This invention relates to klystron vacuum tubes and in particular to so called external cavity klystron vacuum tubes.
Part of a typical external cavity klystron vacuum tube arrangement as at present known is illustrated in FIG. 1.
Referring to FIG. 1 the tube comprises a vacuum wall section 1 in the form of a dielectric cylinder transparent to electro-magnetic radiation. This forms a window through which power is effectively transmitted. The cylindrical section 1 has, at either end, cylindrical copper annuli 2,3 which are shaped to receive the ends of the cylindrical wall member 1 and provide, by portions of increased diameter, contact for spring fingers 4 attached to the inner rims of a box member 5 surrounding the cylindrical wall 1 and forming the external cavity. In order to adjust the resonant frequency of the external cavity, a pair of moveable tuning plungers (extending at right angles to the plane of the paper and not shown) is provided, one on each side of the cylindrical wall member 1. To the left (as shown) of the cylindrical wall member 1 is a coupling loop 7, adjustable by rotation, by which output power is coupled to an external transmission line and aerial (not shown).

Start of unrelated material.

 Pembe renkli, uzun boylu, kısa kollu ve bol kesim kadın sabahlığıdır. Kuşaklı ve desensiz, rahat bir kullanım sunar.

Particular attention should be given to the method of forming the vacuum seal between the cylindrical wall member 1 and the copper annuli 2,3. Since the cylindrical wall member 1 is normally of a high purity alumina or beryllia ceramic consistent with its function as a window, there will be observed a differential expansion between the cylindrical member 1 and the copper annuli 2,3. The coefficient of expansion of the material of the cylindrical wall member 1 is very much less than that of copper.
In order to accommodate for this differential expansion the joint between the cylindrical wall member 1 and each of the copper annuli 2,3 is normally as shown in more detail in FIG. 2.

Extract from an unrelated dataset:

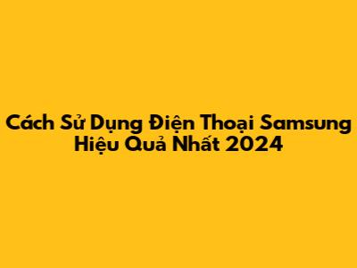 Cách Sử Dụng Điện Thoại Samsung Hiệu Quả Nhất 2024

Referring to FIG. 2 it will be seen that the cylindrical wall member 1 is located within a recess 8 in the copper annulus 3 (with a similar arrangement at the other end of the member 1). Use is made of an inner cylindrical flare 9 and an outer cylindrical flare 10. Inner flare 9 is brazed at one end 11 between the end of the ceramic wall member 1 and a ceramic balance ring member 12. The outer flare member 10 is brazed to the outermost wall of the recess 8 in the copper annulus 3. Finally the vacuum seal is completed by welding inner flare member 9 to outer flare member 10.
The whole construction forms a vacuum joint with the balance ring 12 pressing against the copper disc 3 and taking up the axial thrust due to the external pressure when the tube is under vacuum. In addition the balance ring 12 forms a sliding abutment with the base of the recess 8 accommodating for differential expansion between the cylindrical wall member 1 and the copper disc 3.
It has been found that a klystron constructed as described with reference to FIGS. 1 and 2 suffers from a serious defect. The output cavity 5 operates at the highest power level and the peak radio frequency voltage across the cavity is approximately the same as the operating voltage of the klystron, typically between 20 and 26 kV for a high power television klystron. It has been found that arcing sometimes occurs in the cavity which not only can cause puncturing of the seal provided by the flares 9 and 10 but also, of course, interruption of operation if, as is commonly the case, an arc detector is introduced which removes the r.f drive from the klystron upon the detection of an arc.
The present invention seeks to provide an improved construction in which the aforementioned problem is mitigated.